Graph queries for a social feed

We’re building a platform with a social feed. Not a timeline of photos or opinions – a feed of plans. Things people intend to do. The interesting question isn’t “what did my friend share” but “what is my friend’s friend doing this Saturday, and can I join.”

That second question – friend-of-friend discovery – is what made me reach for a graph database.

Why graph

At first glance, a feed is just a list. The interesting part is underneath – a web of relationships: who knows whom, who created what, who joined what.

Relational databases model this with join tables. A friendships table with two foreign keys. A participants table. Each relationship is a row. To answer “show me plans from my extended network,” you’re joining across three or four of these tables, and the database is doing hash joins or nested loops to assemble something that, in a graph, is just walking edges.

Neo4j stores relationships as first-class objects. A knows edge between two user nodes is a physical pointer, not a row in a join table. Traversing from a user to their friends to their friends’ plans is pointer-chasing, not table-scanning. The cost scales with the size of the local neighbourhood, not the whole dataset.

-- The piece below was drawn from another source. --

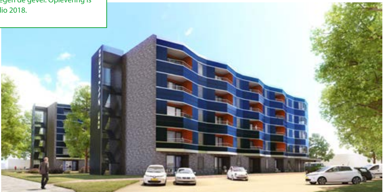
48 NOM-appartementen in Best met bodemwarmtepomp en PV-panelen op het dak en tegen de gevel. Ontwerp: NBArchitecten

In opdracht van Woningcorporatie 'Thuis' bouwt BAM Wonen in Best twee NOM-appartementengebouwen met 48 NOM-eenheden verdeeld over vijf verdiepingen. De woningen worden zeer goed geïsoleerd en voorzien van een bodemwarmtepomp en ventilatie met warmteterugwinning. De benodigde elektriciteit wordt opgewekt met PV-panelen op dak en tegen de gevel. Oplevering is medio 2018.

I looked at the alternatives. MySQL FULLTEXT wasn’t relevant – this isn’t a search problem. MongoDB could store the documents but the queries would be application-side loops. Elasticsearch was the wrong shape entirely – it’s a search engine, not a traversal engine. For this specific data shape – relationships between people and their actions – Neo4j was the obvious fit.

The shape

The graph has users, plans, and edges between them. Users know each other. Users create plans, join plans, get tagged in plans. That’s most of the schema.

knows is bidirectional – confirming a friend request creates edges in both directions. Everything else is directional. Plans have a what, where, when, and a timestamp. We anchor every node to a root node of its type for indexed lookups – all plans connect to a plan root, all users to a user root. It’s how you do global traversals without scanning the entire graph.

The feed for any user comes from three traversals: plans you created, plans your friends created, and – the interesting one – plans your friends joined that you haven’t seen yet. That third query is where the graph earns its keep. If your friend joined a weekend trek organized by someone you’ve never met, you probably want to know about it. That’s where discovery happens – not in your direct connections, but one hop beyond them.

In Cypher, the friend-of-friend discovery looks roughly like this:

START user=node({userId})
MATCH (user) -[:knows]-> () -[:joined]-> (plan) <-[:created]- (owner)
WHERE NOT ((user) -[:created]-> (plan))
  AND NOT ((user) -[:joined]-> (plan))
RETURN plan, owner
ORDER BY plan.created_at DESC

The anonymous node – () – is the friend. We don’t care who they are for this query, just the path through them. The WHERE NOT clauses prevent duplicates. Start at a user, walk the graph, find plans. The query reads like the question you’re asking.

Try expressing that as a SQL join. It works, but it’s three times the code and you spend half your time thinking about the join order instead of the actual question.

Practical bits

We’re using the node-neo4j driver, which talks to Neo4j over HTTP. Every Cypher query is a REST call. The overhead adds up when the feed requires multiple queries per page load. We put an LRU cache in front – 500 entries, 10-second TTL. Short enough that we don’t miss a new plan. Long enough that a page refresh doesn’t hammer Neo4j.

var LRU = require('lru-cache');
var cache = LRU({ max: 500, maxAge: 10 * 1000 });

The feed aggregation happens in application code – fire the queries with async.series, merge results by uid, sort by timestamp, deduplicate. We spent a day debugging duplicate plans in the feed before realizing a bidirectional knows edge means the friend-of-friend traversal can reach the same plan through two different paths. The dedup isn’t optional.

It’s not elegant. But it’s correct, and at our current scale, it’s fast.

What’s next

Neo4j 2.2 just shipped with labels and schema indexes. That might eventually replace our root anchor nodes – MATCH (u:User {email: {email}}) instead of indexed node lookups through a root. We started before labels were stable, so the old pattern is baked in. Something to look into when we have the time.

The N+1 problem is real. Fetching the feed is one set of queries. Then for each plan, we fetch attendees and tagged users separately. With a hundred plans on screen, that’s a lot of round trips. The fix is a single Cypher query with COLLECT to aggregate everything in one traversal. Haven’t gotten to it.

The Bolt protocol is supposedly coming to replace the REST API. That would cut the HTTP overhead per query. For now the cache handles it.

None of these are blocking us. The graph model is right for this problem. The queries match the shape of the questions. Everything else is plumbing.